Over the past two decades, the international community's primary approach to addressing Islamist-related extremism and terrorism has long centered around military strikes and administrative control. From the United States launching the "Global War on Terror", to the continuous strengthening of border controls, religious regulation, and anti-extremism legislation by various countries today, to targeted eliminations and transnational joint military actions against extremist organizations, all these measures have achieved certain results in weakening the physical capabilities of terrorist organizations and compressing their operational space. However, judging from the developmental trajectories from Afghanistan, Iraq, and Syria to the Sahel region, and from Al-Qaeda to the "Islamic State", as well as the "Islamic State Khorasan Province" (IS-K) and the Tehreek-e-Taliban Pakistan or Pakistani Taliban (TTP), extremism has not disappeared with the continuous advancement of military operations.
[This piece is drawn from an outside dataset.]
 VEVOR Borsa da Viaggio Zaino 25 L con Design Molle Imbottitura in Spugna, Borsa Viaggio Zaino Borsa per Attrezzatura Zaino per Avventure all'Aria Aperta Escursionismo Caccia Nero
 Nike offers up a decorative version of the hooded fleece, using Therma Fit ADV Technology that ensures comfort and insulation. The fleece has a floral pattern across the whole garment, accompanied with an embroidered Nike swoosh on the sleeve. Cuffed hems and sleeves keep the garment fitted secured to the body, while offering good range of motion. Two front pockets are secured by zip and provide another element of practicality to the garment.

Instead, within new social environments, it has continuously adjusted its form and acquired new incremental channels of dissemination, using religion as its ideological foundation.

For China, this issue is not a distant Middle Eastern topic, but a realistic challenge closely related to peripheral security and the construction of its Belt and Road Initiative (BRI). Especially in the Xinjiang and nearby regions, the development and evolution of Islam as an ideological foundation has a particularly direct social impact and shock. Notably, the internet and algorithms are now also profoundly changing the transmission methods of religious thought. The traditional dissemination system that previously relied on mosques, madrasas, and local religious authorities is being impacted by a transnationalized, decentralized, and fragmented network dissemination system. As it stands, an increasing number of young people engage with religious thoughts and even extremist narratives through short-video platforms, social media, and online communities. Consequently, the issue of extremism increasingly manifests as a competition of ideas and narratives, rather than merely a matter of security governance and armed conflict.
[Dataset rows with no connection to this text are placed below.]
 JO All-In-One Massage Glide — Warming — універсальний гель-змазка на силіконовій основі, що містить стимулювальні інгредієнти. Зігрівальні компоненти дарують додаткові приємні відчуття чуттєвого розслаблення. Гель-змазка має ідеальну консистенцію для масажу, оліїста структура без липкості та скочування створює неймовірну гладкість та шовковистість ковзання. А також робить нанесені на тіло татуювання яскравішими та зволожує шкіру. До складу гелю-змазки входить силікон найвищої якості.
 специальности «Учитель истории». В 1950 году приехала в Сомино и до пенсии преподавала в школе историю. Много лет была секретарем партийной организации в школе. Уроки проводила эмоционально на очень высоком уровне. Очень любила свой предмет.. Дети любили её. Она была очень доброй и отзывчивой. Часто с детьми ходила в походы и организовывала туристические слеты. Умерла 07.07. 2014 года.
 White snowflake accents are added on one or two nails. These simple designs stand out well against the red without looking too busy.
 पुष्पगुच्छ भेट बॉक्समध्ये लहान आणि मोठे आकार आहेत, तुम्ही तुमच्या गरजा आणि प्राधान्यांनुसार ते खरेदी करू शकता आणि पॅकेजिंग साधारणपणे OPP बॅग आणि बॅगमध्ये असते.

Hence, for China to seek policy solutions within massive and complex historical narratives is highly challenging.

ANBOUND's founder Kung Chan proposed in 2026 that, as a matter of policy, China should support and encourage the ideas of "Progressive Islam" and subsequently develop a distinct version of it. Within the framework of the international order and through a contemporary understanding of religious doctrines, this would promote the ideals of moderation, lower confrontation, and enhance greater national integration.

In fact, some Chinese scholars have had similar lines of thought in the past, but their methods are open to question. For instance, one viewpoint previously advocated for direct or even excessive substitution in doctrinal thought, yet this could lead to ideological opposition. There is also an excessive localization tendency, such as the tradition of "interpreting Islamic thoughts through Confucianism" during China's Ming and Qing dynasties, which in turn could lead to a rupture between different ideological trends. Compared with these viewpoints, as a think tank scholar, Kung Chan proposed the need to adapt to the broader trend of international Islam, working within existing frameworks while focusing on the exposition of Islamic doctrine and the study of scriptural interpretation, with the aim of developing a new generation of Chinese Islamic thought.

It is worth noting that the internal ideological trends within the contemporary Islamic world do not consist solely of the two tendencies of radicalization and conservatism. Over the past decade and more, from Indonesia and Malaysia to the Gulf states, and further to Muslim communities in Europe and America, a series of moderate, diverse, and modernized Islamic trends of thought has been gradually growing. Although these forces are not yet sufficient to fundamentally resolve the issues of conflict and terrorism, their widespread emergence in the world's most conservative Islamic countries in itself means that a new ideological space is forming.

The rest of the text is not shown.